アリゾナ州のケイティ・ホッブス知事は3日、州レベルのビットコイン(BTC)準備金設立を目指す法案(SB 1025)に拒否権を発動した。
この法案は州下院で31対25の票決を経て可決され、米国内で進展を見せた取り組みの一つであった。
知事、リスクを懸念
ホッブス知事は声明で、州政府は暗号資産(仮想通貨)といった「未検証の投資」を公的資産管理に含めるべきではないと述べた。
特に、ビットコインの激しい価格変動や規制の明確性の欠如により、退職年金資産などの公的資金が危険にさらされる恐れがあると指摘している。
さらに、知事は拒否権行使の理由として障害者支援資金に関する未解決の論争を挙げた。
また、超党派の合意に至らない法案には署名しない姿勢を示している。 ホッブス知事は、財政的リスクがあると判断される法案を阻止する傾向にあり、2025年だけで既に75件の拒否権発動が確認され、2024年の合計を上回っている。
法案の内容と背景
SB 1025は「アリゾナ戦略的ビットコイン準備金法」と称され、州財務長官と公的年金制度に対し、管理資金の最大10%をビットコインおよび他の仮想通貨に投資する権限を認めるものであった。
この法案が成立すれば、アリゾナ州は米国で初めてビットコインを公式な準備金に組み入れることとなるはずである。
本法案は、没収資産や州資金を活用し、デジタル資産準備金の構築を特定の監督体制下で提案している。
また、州財政における仮想通貨導入を目指す広範な立法努力の一環として提出された。
関連法案と全米の動向
州の緊急時基金の最大10%を仮想通貨に投資することを認めるSB 1373という関連法案が存在するが、修正案が未解決なため現在は保留中である。

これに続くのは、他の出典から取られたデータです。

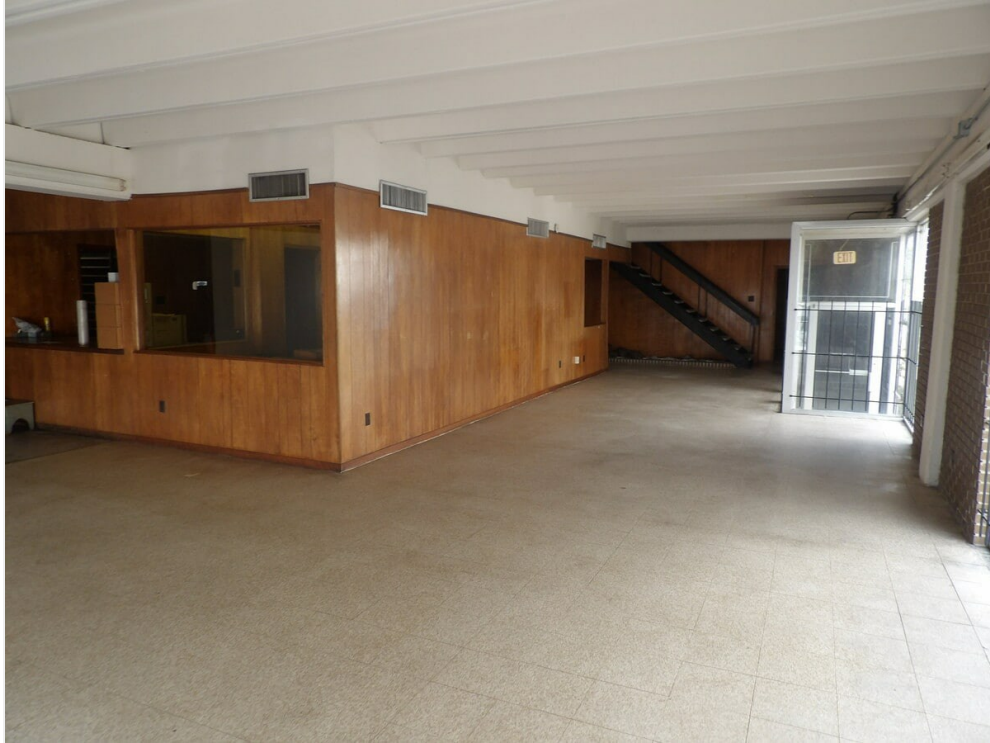
Showroom 1812 Wayside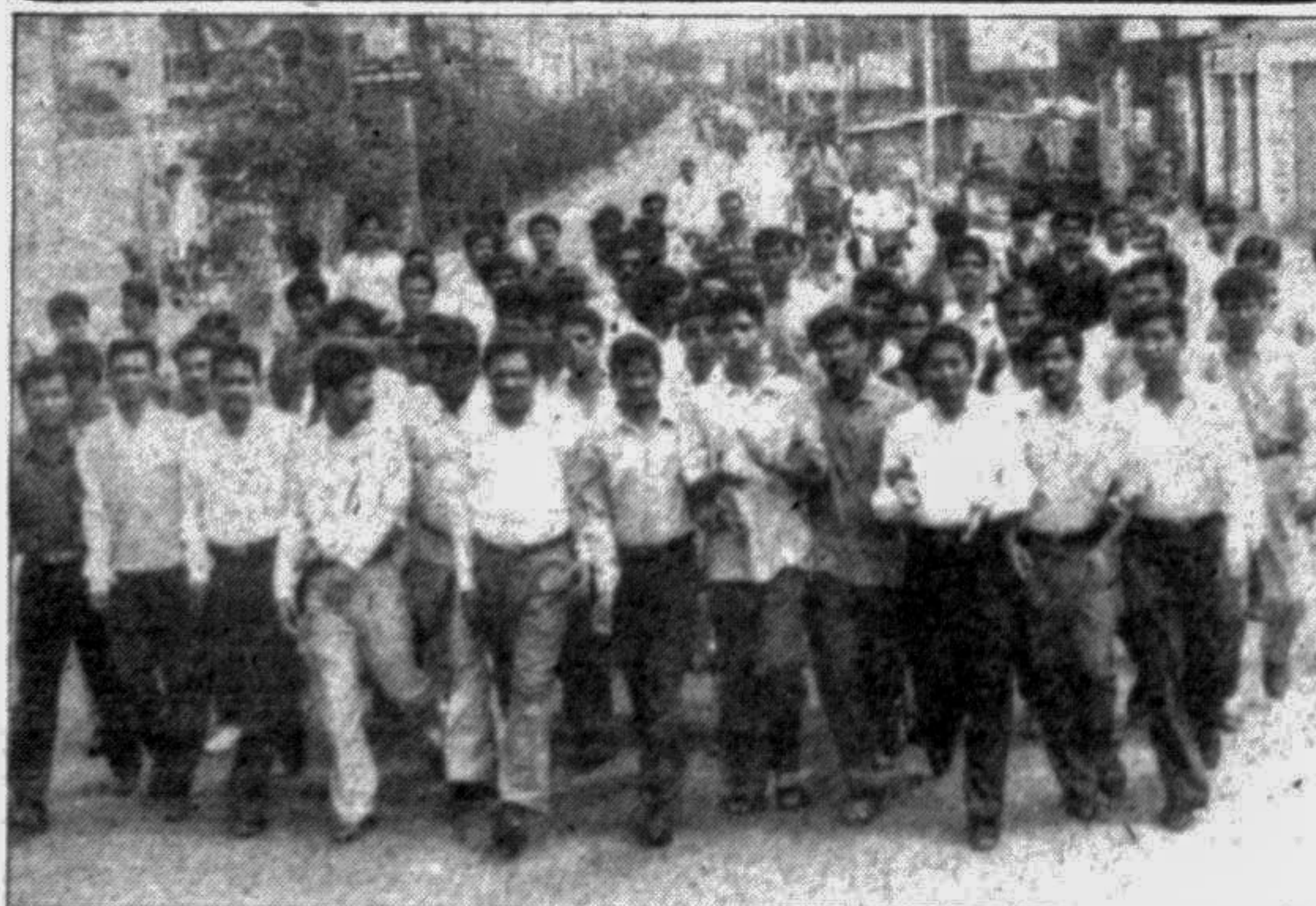
The Jatiyatabadi Chhatra Dal brought out a procession in the city yesterday protesting opposition's programme.

Nor are the baby-taxis being left behind in this game. One zoomed past me, bearing the legend, "Ei rasta kobey phurabey" (when will this road finally come to an end) A number of them have also adopted the slogan of "Amakey mero na, ami choto" (don't hit me, I'm little. Though perhaps in their case, it has less to do with a sense of humour and more with a sense of self-preservation! Whatever their motives, they certainly provide the bored motorist with some amusement during Dhaka's rush-hour gridlocks.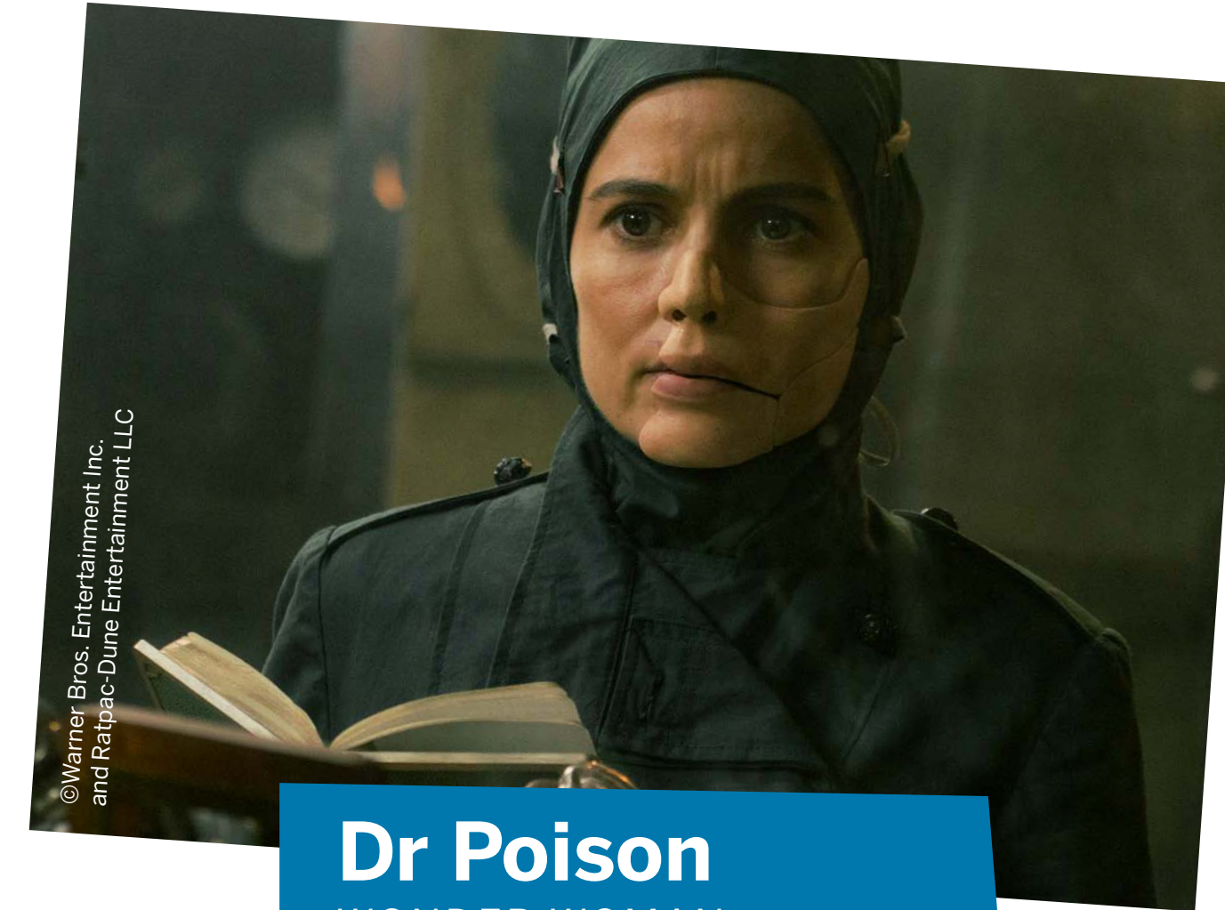
Dr Poison WONDER WOMAN

全米では、2025年に20以上の州で同様の仮想通貨準備金法案が議論される見通しだが、現時点で成立例は見受けられない。
今回の拒否権発動は、デジタル資産を公的金融システムに統合する動きに対し、仮想通貨推進派と政策立案者との間で緊張が高まっている現状を浮き彫りにした。
今後、仮想通貨の長期保有の観点から、州準備金への組み入れ議論が再燃する可能性がある。